There are, of course, problems with insurance companies refusing to pay for what they’re supposed to all the time, even outside the addiction space. But with addiction treatment, the problem is particularly bad, as demonstrated by the fact that these issues still surface time and time again even after the federal government and states passed laws effectively requiring insurers to cover addiction treatment.

At the core of each of these examples is the same problem: The health care system often isn’t doing even the bare minimum for addiction treatment, because we haven’t expected it to do anything about this issue—thanks to stigma and misconceptions—for as long as it has existed.

Once that expectation really changes, America will start to see notable progress in solving its opioid crisis. (Indeed, some of the states that saw declines in drug overdose deaths in 2017, like Vermont, Rhode Island, and Massachusetts, moved in this direction.) It’s not going to be easy; policymaking is still hard, health care systems are complex, and how it all works on the ground can get messy.

But it’s ultimately all rooted in a simple concept: approaching addiction treatment like any other form of health care.

Questions Using Close Reading and Critical Thinking:

  1. The first section of an article should answer the questions “Who?”, “What?”, “When?”, and “Where?” Identify the four Ws of this article. (Note: The rest of the news article provides details on the why and/or how.)
  2. Does this article have any bias?

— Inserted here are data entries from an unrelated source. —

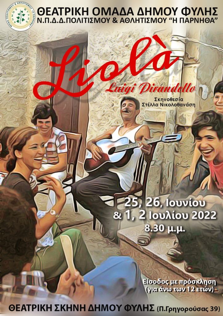 Με το αριστούργημα του Λουίτζι Πιραντέλλο “Λιολά” κλείνει τον κύκλο των παραστάσεών της η Θεατρική Ομάδα του Δήμου Φυλής και σας περιμένει στις 25 και 26 Ιουνίου αλλά και στη 1 και 2 Ιουλίου στη θεατρική σκηνή του δήμου μας!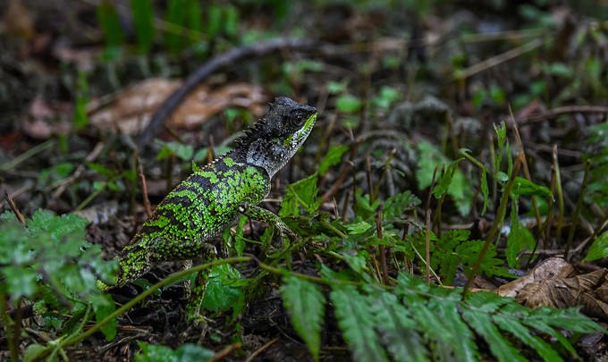 Theo thống kê của ban quản lý vườn, Cúc Phương còn là ngôi nhà của 122 loài bò sát, lưỡng cư, 135 loài thú và hơn 2.000 loài côn trùng. Trong ảnh là một con kỳ nhông đang kiếm ăn trong rừng, với thức ăn là côn trùng, bướm.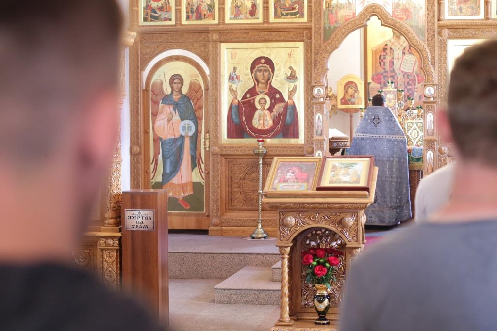 Перед отъездом участников к месту проведения молодежной встречи, в Свято-Троицком монастырском соборе руководителем молодёжного отдела епархии иереем Вячеславом Гутовым была совершена Божественная Литургия, за которой молились и причащались Святых Христовых Таин участники съезда. Песнопения Божественной Литургии исполнял молодежный хор под управлением Л. Т. Зайцевой.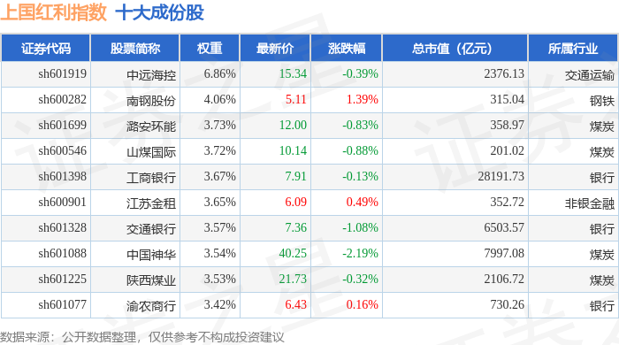 上国红利(000151)指数十大成份股详情如下: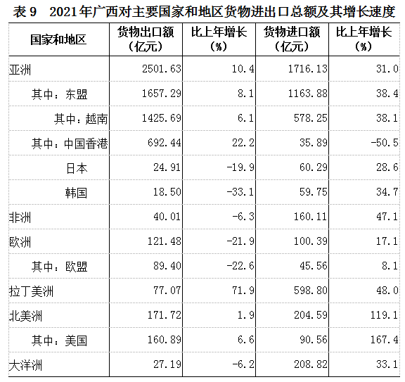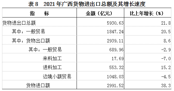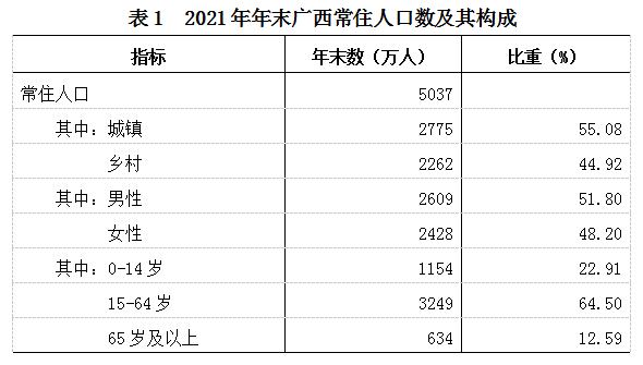 广西壮族自治区2021年国民经济和社会发展统计公报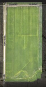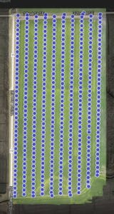 Mapping a field with a drone is a little different type of operation. When mapping, we program a flight pattern over a field through software running on our phone or tablet. When we have the flight pattern how we want it and initiate the mission, the drone will take off and fly a back-and–forth pattern across the field all by itself. While flying, the drone takes pictures every second or so to later be processed and “stitched” together into one high resolution map of the entire field.

Why or why not?
  3. What is the author’s claim in this article?
  4. In argument writing, authors often use pathos—an emotional appeal where the author uses personal stories, specific word choice, tone, imagery, and figurative language—to make the audience feel a specific way about the topic. The paragraph below is an example of pathos. First, identify what the author is trying to make you feel in this paragraph. Second, explain how the author is using pathos to craft this paragraph to make you, the reader, feel this way.

    Just think, for a moment, if this was true for another medical condition, like heart disease. Imagine a world in which 90 percent of Americans with heart problems are allowed to suffer and even die without any access to health care. Imagine that a person suffering a heart attack could go to an emergency room only to be told that the ER doesn’t have any way to treat him. Imagine that the ER does have a way to help, but the patient who just had a heart attack will have to wait weeks or months to get into any care. Imagine if this patient went to a doctor’s office for some care only to be told that the providers there don’t see his kind.
  5. Explain the difference between seeing addiction as a “moral failure” and as a medical condition.
  6. Identify one example of how the “moral failure” viewpoint impacts the treatment or response addicts receive, and explain how this treatment or response can negatively impact the opioid crisis.
  7. Did the author effectively support their claim in this article? Support your thinking with specific details from the text.